ASSIGNMENT:
Should pictures appear among the records, leave them out, and copy exactly only the lines from the first through the one with "Mit dieser Häkelanleitung", inclusive.

ENTRIES PROVIDED:

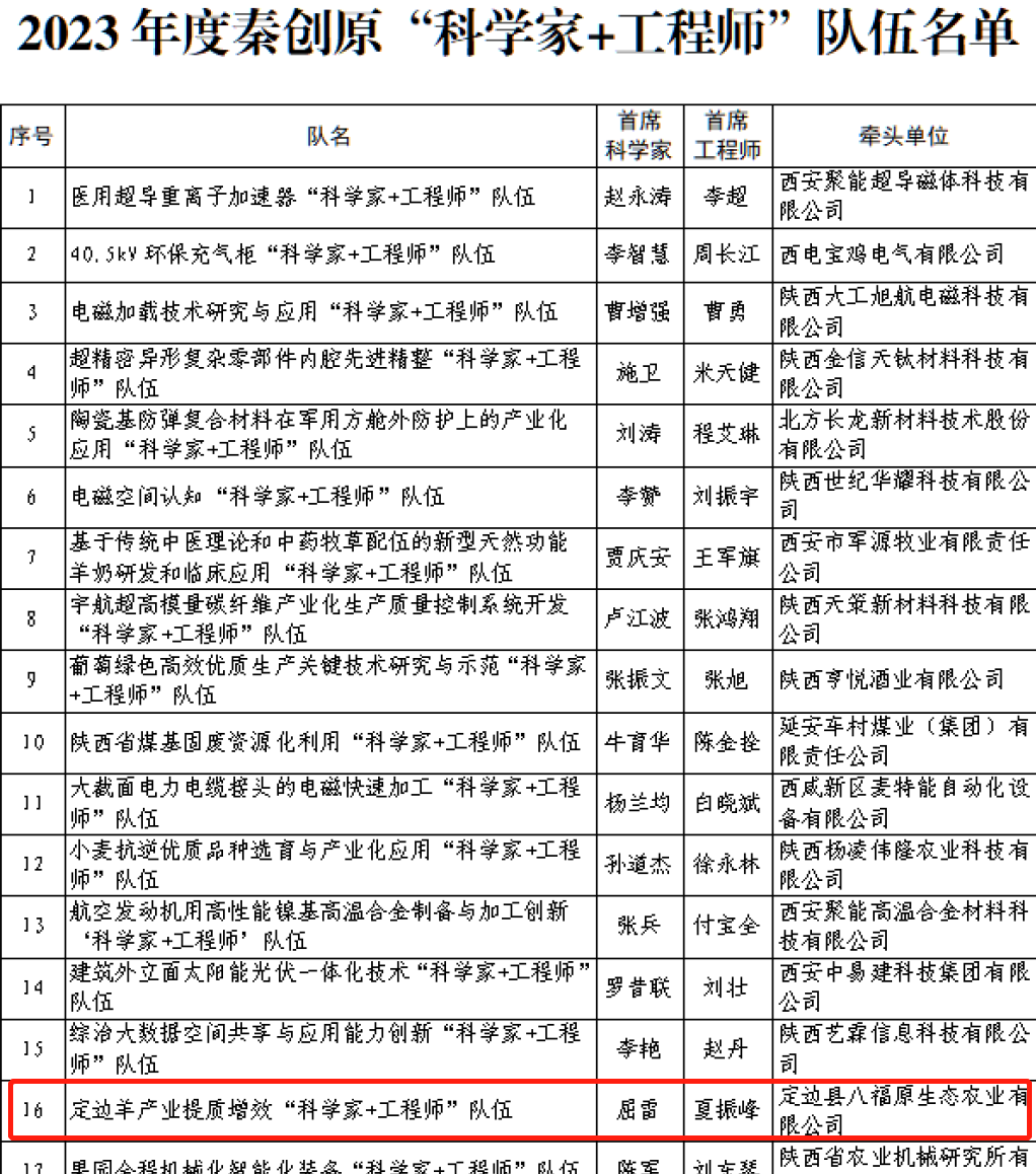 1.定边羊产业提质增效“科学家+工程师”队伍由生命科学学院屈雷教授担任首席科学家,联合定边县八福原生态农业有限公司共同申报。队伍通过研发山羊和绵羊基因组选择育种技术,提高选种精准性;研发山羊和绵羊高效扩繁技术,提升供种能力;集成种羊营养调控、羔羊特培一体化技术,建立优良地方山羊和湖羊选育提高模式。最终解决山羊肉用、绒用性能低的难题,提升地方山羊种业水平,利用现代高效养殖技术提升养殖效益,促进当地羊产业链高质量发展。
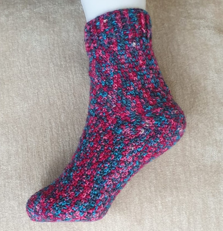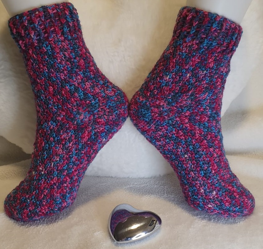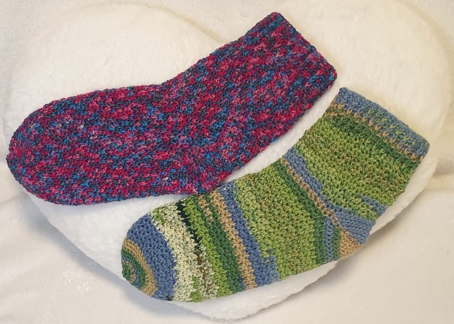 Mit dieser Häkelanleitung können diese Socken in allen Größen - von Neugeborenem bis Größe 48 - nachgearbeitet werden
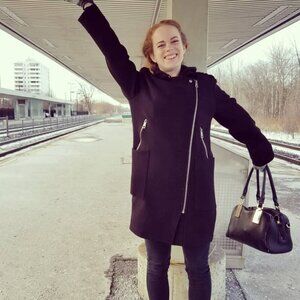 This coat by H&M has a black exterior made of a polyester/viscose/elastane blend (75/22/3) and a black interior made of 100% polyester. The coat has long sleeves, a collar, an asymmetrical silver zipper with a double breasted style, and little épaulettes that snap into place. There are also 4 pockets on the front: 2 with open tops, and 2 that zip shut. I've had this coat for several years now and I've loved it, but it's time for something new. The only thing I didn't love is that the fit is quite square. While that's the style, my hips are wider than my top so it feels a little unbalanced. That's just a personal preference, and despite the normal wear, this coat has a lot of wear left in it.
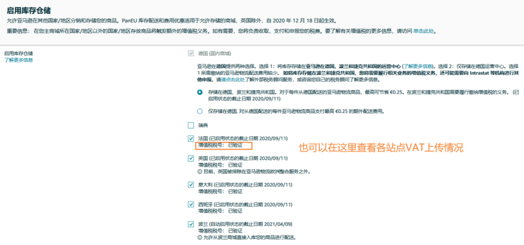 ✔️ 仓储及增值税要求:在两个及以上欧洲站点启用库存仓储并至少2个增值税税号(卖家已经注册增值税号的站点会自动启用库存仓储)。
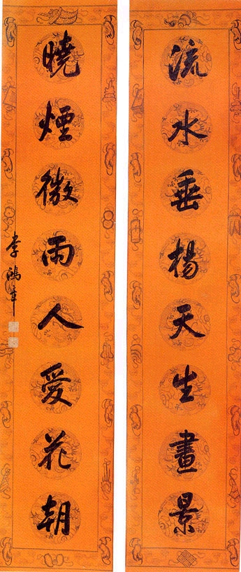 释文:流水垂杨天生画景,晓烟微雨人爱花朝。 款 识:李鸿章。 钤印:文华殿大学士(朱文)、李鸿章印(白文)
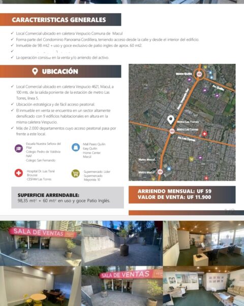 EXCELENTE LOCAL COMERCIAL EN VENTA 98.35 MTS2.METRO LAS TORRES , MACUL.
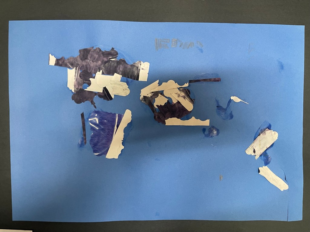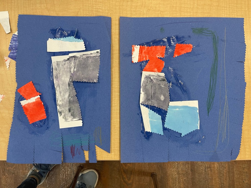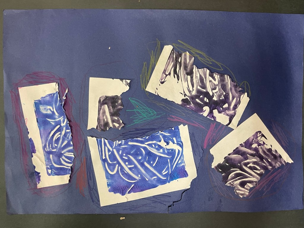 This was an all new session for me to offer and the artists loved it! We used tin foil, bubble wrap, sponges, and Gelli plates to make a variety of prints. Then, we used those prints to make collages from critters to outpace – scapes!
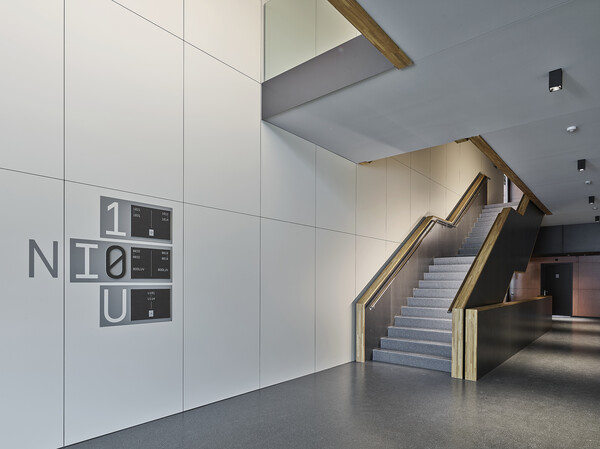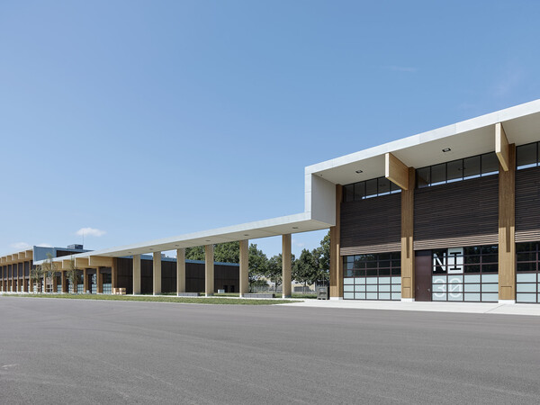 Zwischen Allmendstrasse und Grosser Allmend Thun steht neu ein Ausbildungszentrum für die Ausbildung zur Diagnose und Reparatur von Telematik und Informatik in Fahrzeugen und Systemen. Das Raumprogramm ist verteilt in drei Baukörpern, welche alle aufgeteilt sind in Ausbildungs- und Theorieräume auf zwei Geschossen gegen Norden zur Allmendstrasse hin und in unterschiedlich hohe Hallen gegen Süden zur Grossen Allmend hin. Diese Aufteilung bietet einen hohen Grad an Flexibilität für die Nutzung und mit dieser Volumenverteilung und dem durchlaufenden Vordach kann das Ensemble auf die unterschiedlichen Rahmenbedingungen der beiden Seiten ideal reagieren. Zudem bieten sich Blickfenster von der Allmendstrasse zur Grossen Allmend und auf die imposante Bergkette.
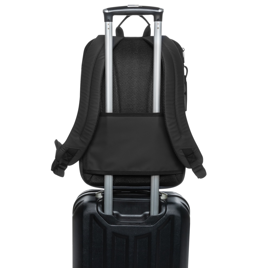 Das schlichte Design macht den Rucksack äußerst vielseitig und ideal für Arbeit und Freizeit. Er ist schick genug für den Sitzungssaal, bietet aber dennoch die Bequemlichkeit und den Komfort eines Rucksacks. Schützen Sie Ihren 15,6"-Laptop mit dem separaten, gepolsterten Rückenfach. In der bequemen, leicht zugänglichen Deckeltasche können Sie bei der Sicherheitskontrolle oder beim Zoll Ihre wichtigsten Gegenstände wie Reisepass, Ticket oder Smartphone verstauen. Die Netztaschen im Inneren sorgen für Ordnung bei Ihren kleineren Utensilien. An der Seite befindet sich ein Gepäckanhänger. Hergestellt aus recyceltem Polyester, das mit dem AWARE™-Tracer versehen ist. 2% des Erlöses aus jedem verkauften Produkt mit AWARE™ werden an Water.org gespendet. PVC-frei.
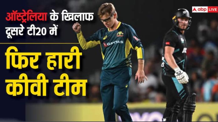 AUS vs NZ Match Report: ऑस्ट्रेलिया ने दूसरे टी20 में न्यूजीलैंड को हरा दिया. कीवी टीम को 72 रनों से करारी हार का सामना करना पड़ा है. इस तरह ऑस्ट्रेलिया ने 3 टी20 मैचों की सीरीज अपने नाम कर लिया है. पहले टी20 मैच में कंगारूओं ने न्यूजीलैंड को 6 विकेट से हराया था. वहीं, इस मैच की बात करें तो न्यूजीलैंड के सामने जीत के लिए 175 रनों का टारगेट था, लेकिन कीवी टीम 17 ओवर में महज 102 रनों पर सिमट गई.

SOLUTION TO THIS TASK:
 1.定边羊产业提质增效“科学家+工程师”队伍由生命科学学院屈雷教授担任首席科学家,联合定边县八福原生态农业有限公司共同申报。队伍通过研发山羊和绵羊基因组选择育种技术,提高选种精准性;研发山羊和绵羊高效扩繁技术,提升供种能力;集成种羊营养调控、羔羊特培一体化技术,建立优良地方山羊和湖羊选育提高模式。最终解决山羊肉用、绒用性能低的难题,提升地方山羊种业水平,利用现代高效养殖技术提升养殖效益,促进当地羊产业链高质量发展。
 Mit dieser Häkelanleitung können diese Socken in allen Größen - von Neugeborenem bis Größe 48 - nachgearbeitet werden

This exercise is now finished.